Sustainable flow of digital projects fuels a positive outlook
e-finance has successfully managed to provide leading digital payment solutions across the nation by establishing and developing a digital financial network that forms the backbone of the Egyptian government’s digital transformation strategy. The company provides a wide range of digital transformation solutions, including e-payment infrastructure, cards center services, cloud services, contact center services, and operational support services. Moreover, we believe that e-finance is a key beneficiary of government support for digital transformation along with other digital transformation projects in the transportation, healthcare, and tourism sectors that will drive growth going forward. The company enjoys a very solid pipeline going forward and the company is still in phase 1 in many projects, which would be reflected in next year’s business plan.

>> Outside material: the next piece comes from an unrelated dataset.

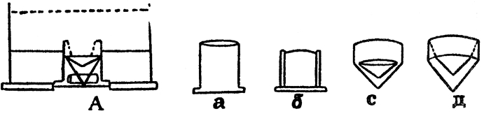 а, с – описанные предметы, б – разрез колпачка, д – наковальня

EFIH has previously announced that the company is close to signing a contract within the transportation sector, through digitizing the payments of another transportation method (other than the railway). The company announced before digitizing the biggest 4 railway stations in 2021. The company had expedited plans for the rollout of the tourism project, by digitizing the remaining 31 touristic attractions that they’ve previously contracted. So far, EFIH digitized around 10-11 sites.
On the regional expansion front, EFIH plans to further expand in neighborhood countries in Africa, after the agreement signed with TGI to deploy PoS machines, and issue and manage cards for 10 years.
BoD has previously proposed distributing a DPS of EGP0.10/share (EGP177.7 million, DY of 0.6%, payout of 34.2%).